Lily knew that she would always consider her father to be the very best of men. Something told her that her father would approve of a man like Mr McCarthy.

Though, of course, they would never have occasion to meet.

"Mr McCarthy." Lily knocked on the door of Mr McCarthy's office.

It had been two weeks since Sir Richard's visit. It was startling to Lily how quickly the shortest month of the year seemed to go by. March was rapidly approaching, and she knew that her grandmother would begin insisting that Lily make her way to Belle's shop to be fitted and draped with the latest fabrics ready to make her debut.

Lily pushed it from her mind.

Mr McCarthy looked up from his desk and he offered Lily a welcome smile. He smiled at her often, and that fact was a lot to do with what had helped Lily to find some comfort in this mess that she was most certainly making.

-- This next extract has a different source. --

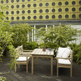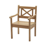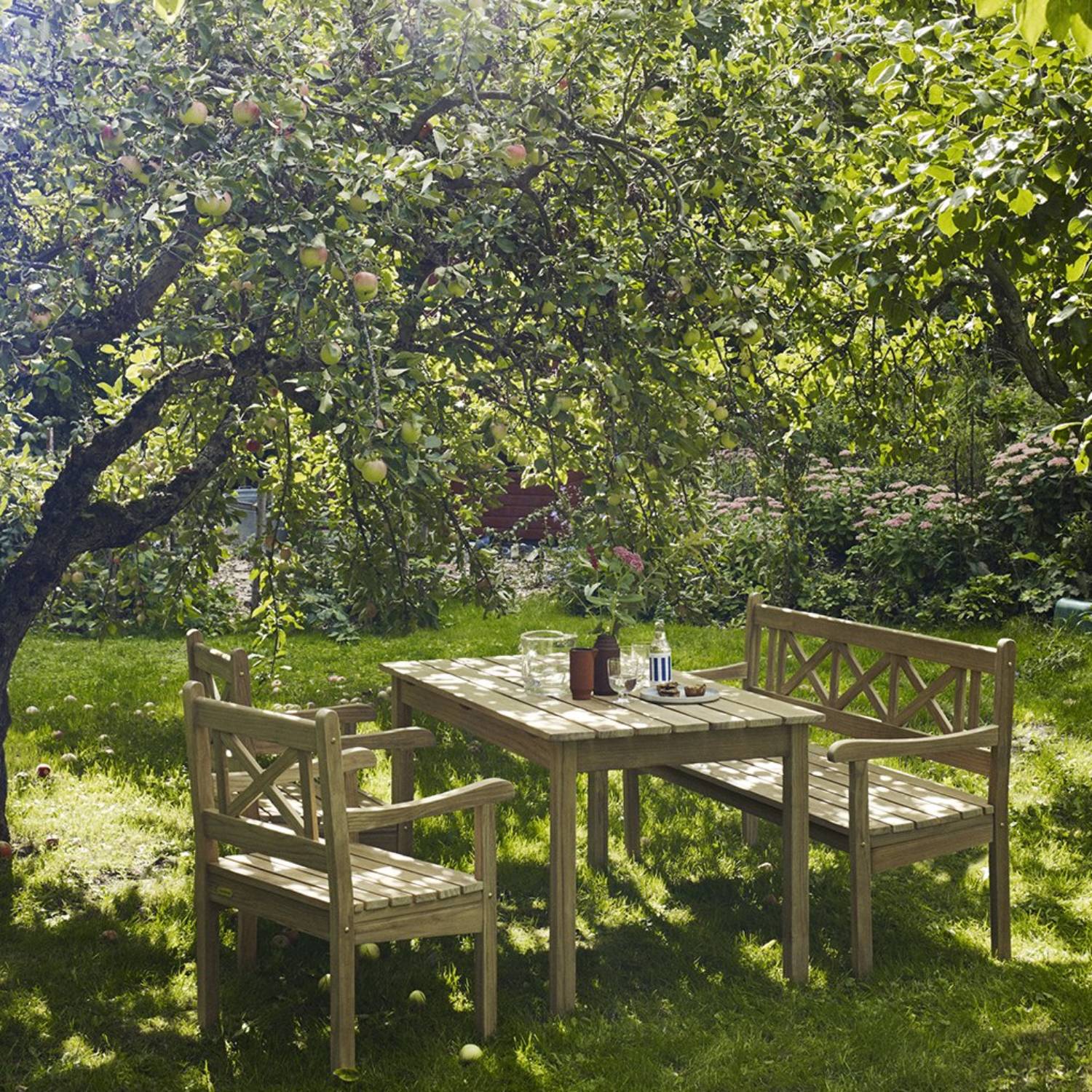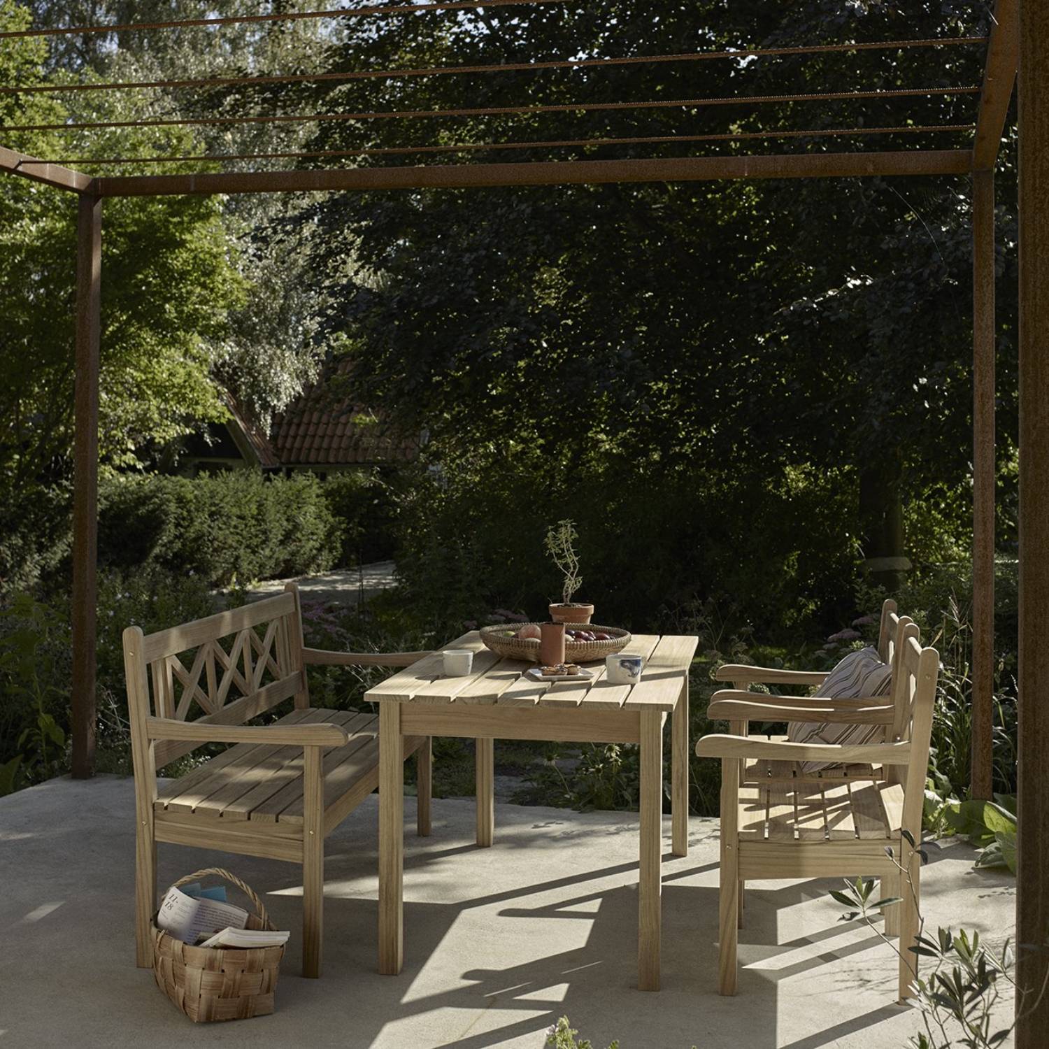 Skagen's namesake chair pays tribute to the artists and writers who made the northern tip of Denmark their home in the late 19th century. With its signature X-pattern backrest and solid air, it has the timeless appeal of all things Scandinavian. The bench is FSC-certified teak and will eventually weather to a beautiful silvery grey if left untreated.

Mr McCarthy was a different man without the veil of stress that had been upon him during their initial time together. Ever since he had secured the loan from the bank and had sold his cotton, Mr McCarthy had quite the new lease on life. He spent his days corresponding with vendors, or rather, dictating to Lily as she corresponded with vendors of vessels that Mr McCarthy was looking to procure, as well as organising the transport of his cotton to the north of England.

He was an ambitious man, and a very dedicated one. His work ethic was something that Lily greatly admired. She had certainly never encountered this sort of ambition before in another. She recognised herself in him in an odd sort of way. Lily was so determined to be something more, and to experience something more.

But the both of them were in the dark as to the other's motivation.

Lily had not exactly asked Mr McCarthy about his motivation. It seemed a sensitive subject, and she could infer that there was certainly some animosity in his history that seemed careless to bring up in conversation when the information was not volunteered.